IMF warns markets "not persuaded" eurozone leaders can resolve the debt crisis and prevent damage to the global economy

The IMF said that despite not "support of the euro Member States and the ECB, market participants remain convinced that a lasting solution is at hand".

"It would be very expensive for the euro area but also for the economy to delay to tackle the crisis of the sovereign,"said Luc Everaert, head of the political area of the IMF European common Euro."


The IMF said that despite not "support of the euro Member States and the ECB, market participants remain convinced that a lasting solution is at hand".


He said in a staff report that the results of any political decision would be "unpredictable" and that the euro-zone needed money more private in support of the "most vulnerable" of his "still-frail banks."

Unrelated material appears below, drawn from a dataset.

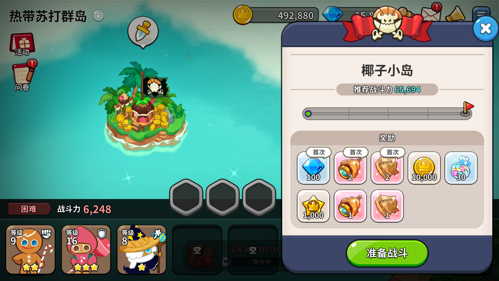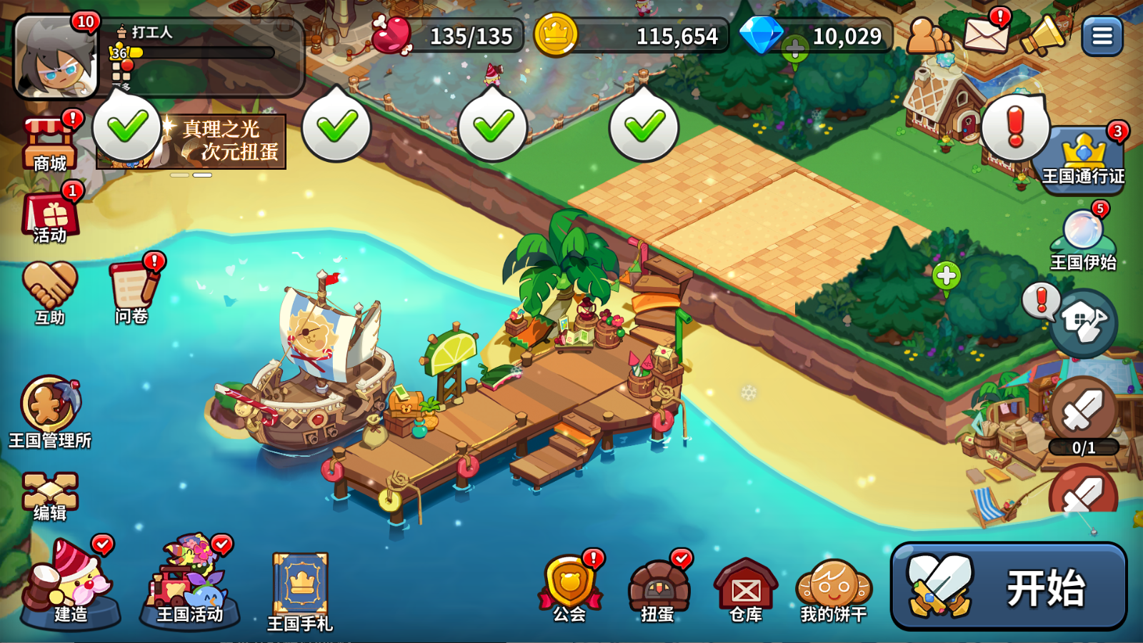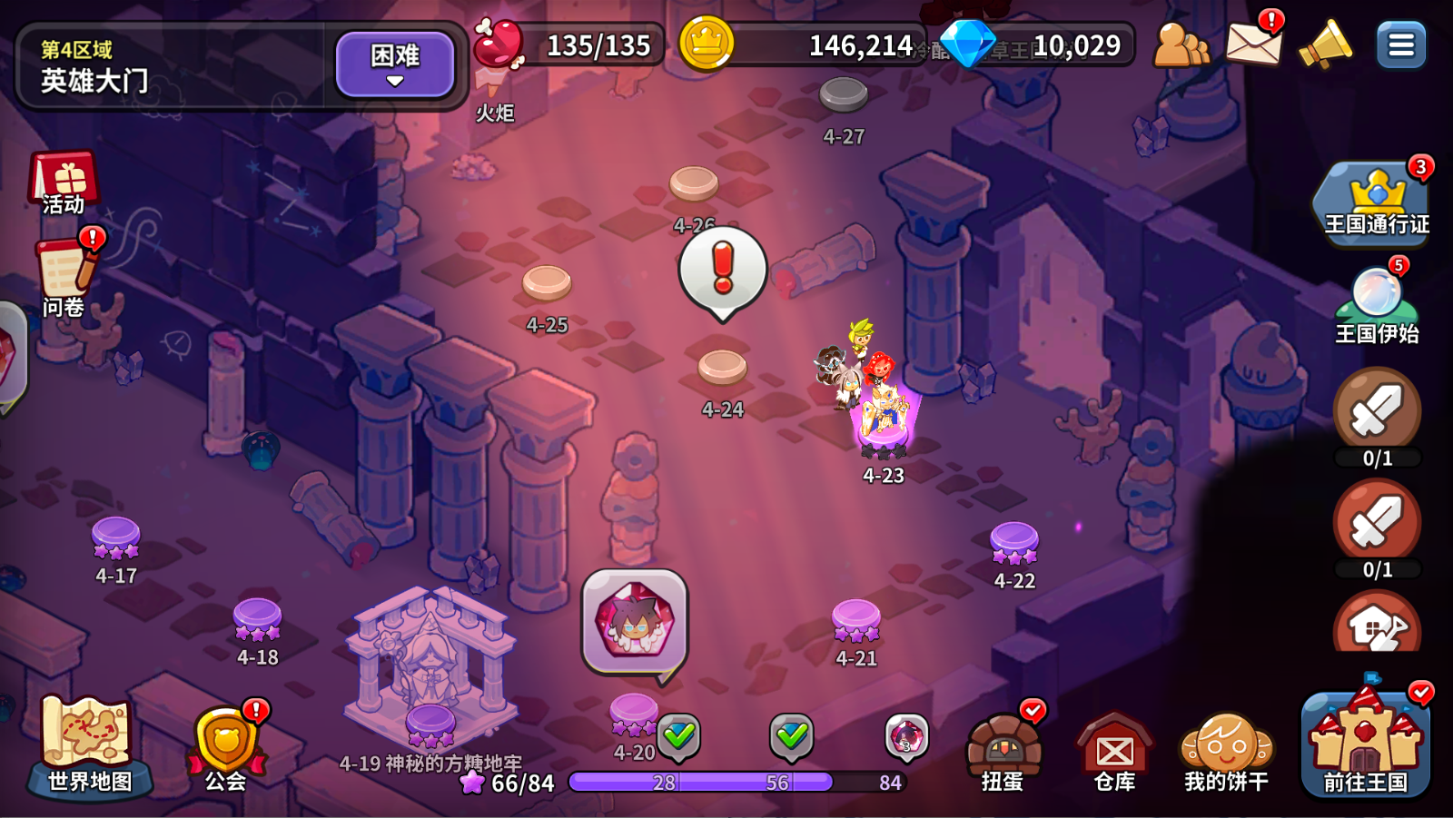 游戏第四天,当前版本的主线剧情可以推到头,也就是第六章完全通关,困难本可以推到第四章快推完的位置,受限于体力推进不了更多。人物等级能到36,饼干等级同步。城堡等级可以6升7,但因为需要15个小时的升级时间,不一定能在当天就升完。

The Fund has recommended that the European financial stability facility (EFSF) have increased in size and allowed to buy debt on the secondary market, as a means to mitigate the threat of contagion of the peripheral States of the euro area.


He also said the indispensable to the adoption of the much stronger economic governance of the euro area. "We need more not less Europe," said Mr. Everaert.


Markets she said Tuesday, and the fears of mounting that politicians cannot resolve the sliding equities sent eurozone debt crisis Monday. The FTSE 100 gained 0. 65pc, the Germany DAX 1. 1pc, France CAC 1. 2pc, the Spain Ibex 1pc and Italy MIB 1. 9pc.


However, traders said the rebound was lowest in the belief that the liquidation were exaggerated and the fear is that jitters on a dangerous rift in Europe, top of the criticism of the euro Thursday the advance on the Greece can trigger falls further.


The Summit should attempt to complete a second round of aid for the Greece, a value of €110bn, but nations are divided on how to structure it and comments of Angela Merkel, German Chancellor Tuesday that the Summit will not be the last step in the resolution of the debt of the Greece crisis did not help sentiment.


The the euro fell against the dollar, after she said in a joint press conference with the President of Russian Dmitry Medvedev: "additional steps will be necessary and not simply a spectacular event that fixes everything." Which takes political responsibility seriously knows that such a dramatic step will not happen. »


To solve the problems of the Greece once and for all, the euro area need to consider options to reduce its debt and increase its competitiveness, said.


"Europe is unthinkable without the euro, and therefore it is worth of effort responsible for really solve the problems in the same root", she said.


Russian President says financial woes of the euro area is not a fault of the euro, but a result he used by countries to the uneven economy.


"The main euro today is a problem that a strong and respectable currency serves the countries with very different levels of the economy, said Medvedev." "It never happened in the history of humanity."